Available records.

•••

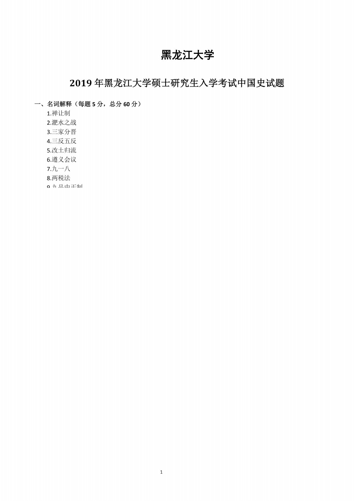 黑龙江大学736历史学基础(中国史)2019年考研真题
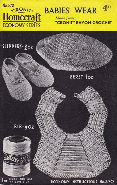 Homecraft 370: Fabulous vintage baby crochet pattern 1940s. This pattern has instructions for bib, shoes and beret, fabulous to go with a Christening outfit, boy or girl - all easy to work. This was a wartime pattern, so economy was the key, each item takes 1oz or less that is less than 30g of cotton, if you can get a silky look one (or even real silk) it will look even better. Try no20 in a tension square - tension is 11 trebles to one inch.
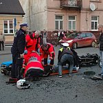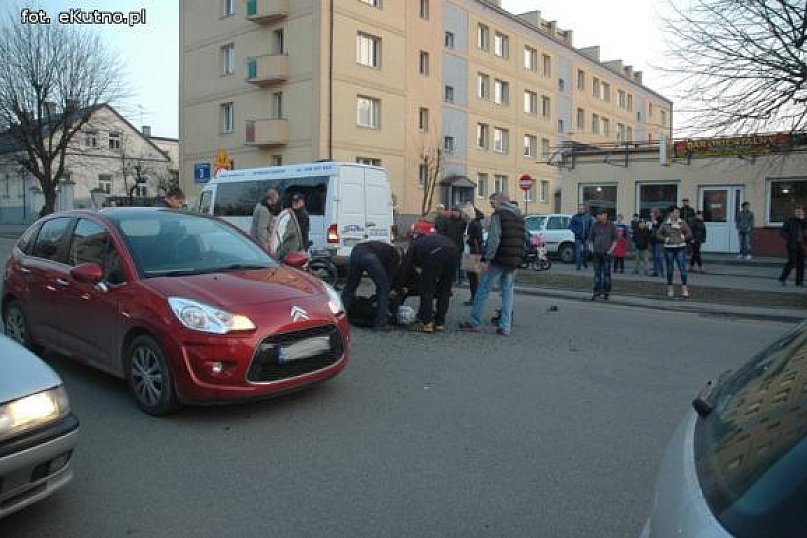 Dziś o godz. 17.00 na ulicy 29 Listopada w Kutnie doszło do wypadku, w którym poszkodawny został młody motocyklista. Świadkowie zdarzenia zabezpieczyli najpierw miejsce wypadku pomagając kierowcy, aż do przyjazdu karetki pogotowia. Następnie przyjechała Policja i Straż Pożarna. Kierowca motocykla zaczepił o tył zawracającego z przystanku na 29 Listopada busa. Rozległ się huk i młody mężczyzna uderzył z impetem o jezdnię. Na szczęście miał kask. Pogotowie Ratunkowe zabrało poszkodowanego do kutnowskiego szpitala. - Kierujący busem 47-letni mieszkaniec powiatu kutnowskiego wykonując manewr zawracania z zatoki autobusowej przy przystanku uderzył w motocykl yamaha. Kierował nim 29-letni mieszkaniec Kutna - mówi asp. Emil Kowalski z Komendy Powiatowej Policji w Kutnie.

•••

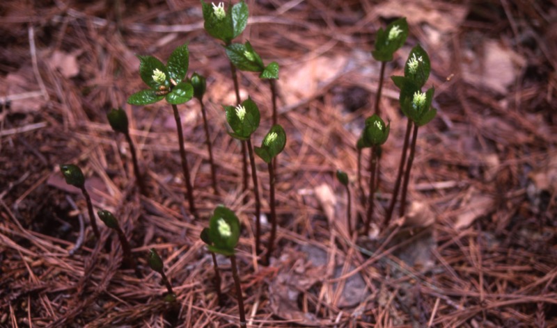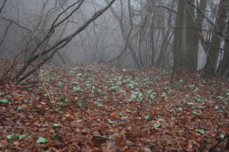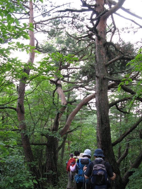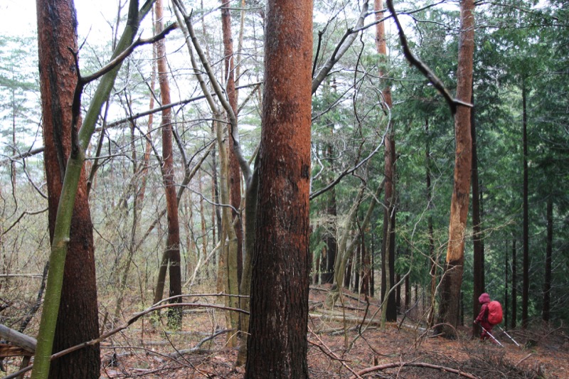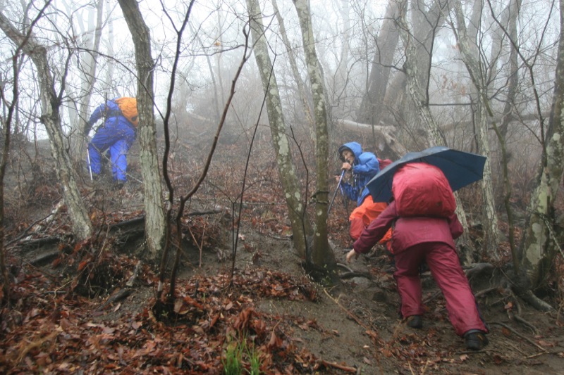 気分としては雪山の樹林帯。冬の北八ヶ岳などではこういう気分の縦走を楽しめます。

•••

Directions. Take the material above and output only the lines from the one that contains "黑龙江大学736历史学基础(中国史)2019年考研真题" through the one that contains "Homecraft 370: Fabulous", ends included and images left out.

Response area.
 黑龙江大学736历史学基础(中国史)2019年考研真题
 Homecraft 370: Fabulous vintage baby crochet pattern 1940s. This pattern has instructions for bib, shoes and beret, fabulous to go with a Christening outfit, boy or girl - all easy to work. This was a wartime pattern, so economy was the key, each item takes 1oz or less that is less than 30g of cotton, if you can get a silky look one (or even real silk) it will look even better. Try no20 in a tension square - tension is 11 trebles to one inch.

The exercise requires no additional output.